While reading the New York Times this weekend, I could not help but notice that at least five different articles dealt with creating a kind of cultural, philosophical, or religious permission-giving for taking time away from electronic connectivity in everyday life. Is this a noteworthy constellation? Just an editorial accident? My sense is that it speaks to a gathering crest in U.S. culture regarding the felt limits of constant electronic connection: the need to check email, to have a cell phone handy, to get the latest update from one's various online social groups.

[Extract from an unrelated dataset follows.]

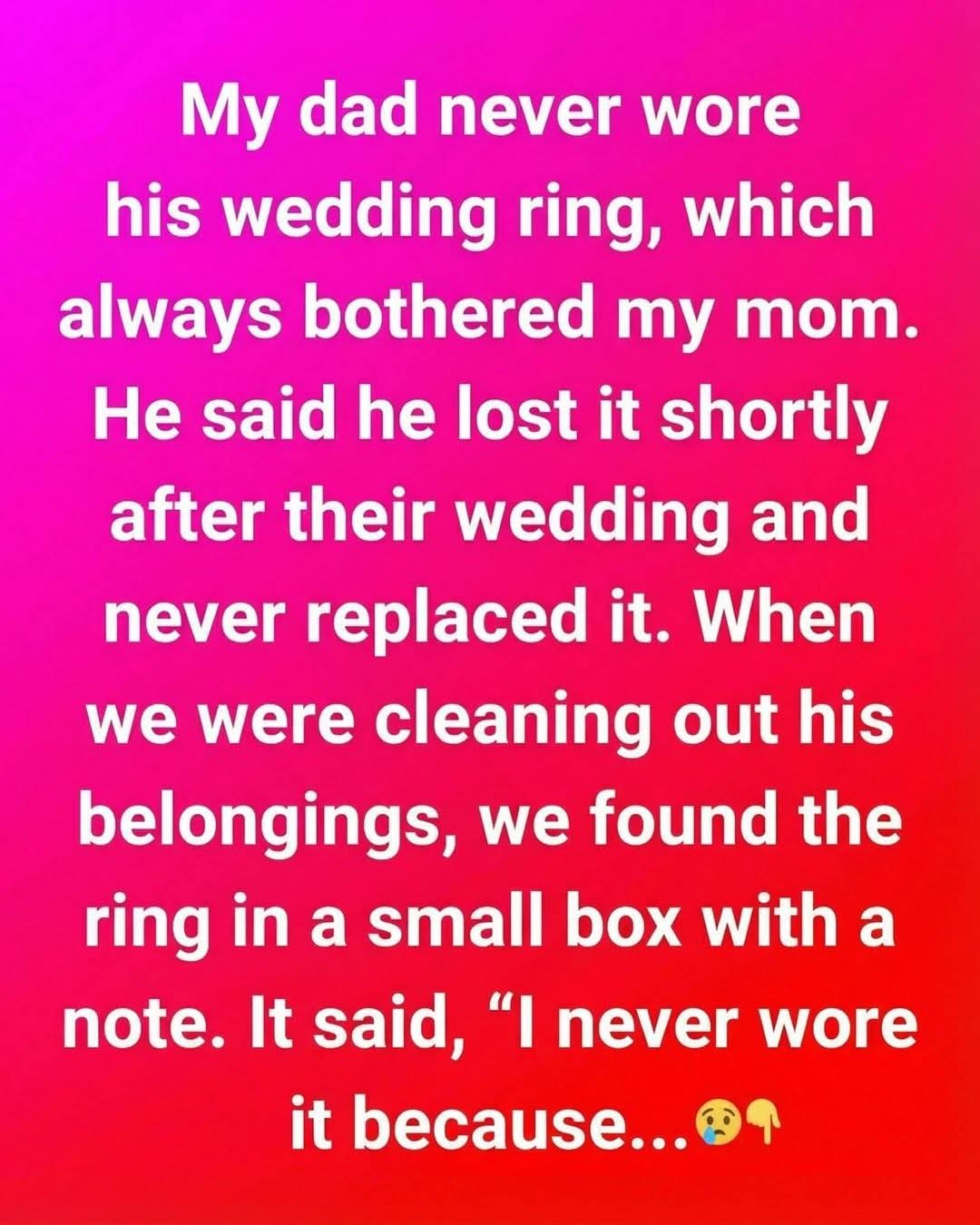 My dad never wore his wedding ring, and it always bothered my mom. She noticed it early in their marriage and never stopped noticing. Whenever she saw other husbands proudly wearing theirs, a quiet sadness crossed her face. When she asked my dad, he always gave the same calm answer: he’d lost it shortly after the wedding and saw no reason to replace it. Eventually she stopped asking, but I knew it hurt. To her, the ring wasn’t jewelry—it was belonging.

Electronic connectivity seems, for most people, to take on a life of its own and crawl into as many available nooks and crannies of daily existence as possible.
The articles in question include this Bob Herbert column about flesh over screen; this Gary Shteyngart column about unlearning connectivity; Laurie Winer's review of William Powers' Hamlet's Blackberry: A Practical Philosophy for Building a Good Life in the Digital Age; Ben Brantley's essay on the lack of ability and interest in cultivating reticent mystery in an age of Internet publicness and self-branding; and Judith Shulevitz's report on inventing new Sabbath practices that erect ritual firewalls against the seductions of the electronic habitus and that teach a different way to inhabit the week.

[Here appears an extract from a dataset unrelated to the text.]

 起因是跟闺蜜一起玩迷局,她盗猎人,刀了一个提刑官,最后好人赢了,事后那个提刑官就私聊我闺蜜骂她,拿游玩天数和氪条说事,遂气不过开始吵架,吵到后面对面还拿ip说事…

These writings reminded me that, like many others, I search constantly for a way to balance it all, and I find that I learn a lot when others tell me about their practices for situating electronic life in a wider existence. It helps me refine my own choices.
The Internet is now so important for life as a citizen, as well as for scholarly resources and personal relationships, it would seem now almost irresponsible to refuse being part of the electronic world if one has such a privilege. Yet it is no exaggeration to say that since I checked my first email in September 1988, the twenty-two years gone by have been an unending negotiation with the habits that electronic connectivity wants to install in my life, and my attempts to refuse or creatively use those habits.
Many of us in the relatively privileged classes find that we have to make decisions over and over about the shape of our days and weeks. I have quit the Internet once or twice, only to return a few months later; I have set all sorts of limits on my own email (and later web browsing, and still later blog-checking, and still still later blog-writing) time allotments; I have tried to err on the side of electronic disconnectivity regarding devices for as long as possible (no television for the last six years; no cell phone for many years, until I became a father and felt irresponsible without one; no IPod until a few weeks ago, when the benefits of having all my music in one place seemed too much to ignore). I have noticed the emergence of a distinct email culture in academic life, one that during the school year shifts ever closer to a 24/7 mode, in which messages are assumed to require immediate replies, and in which emails sent even one minute before classes or meetings are taken to be relevant material for the class or meeting. I don't wish not to live in these cultures; only to learn how to live in them.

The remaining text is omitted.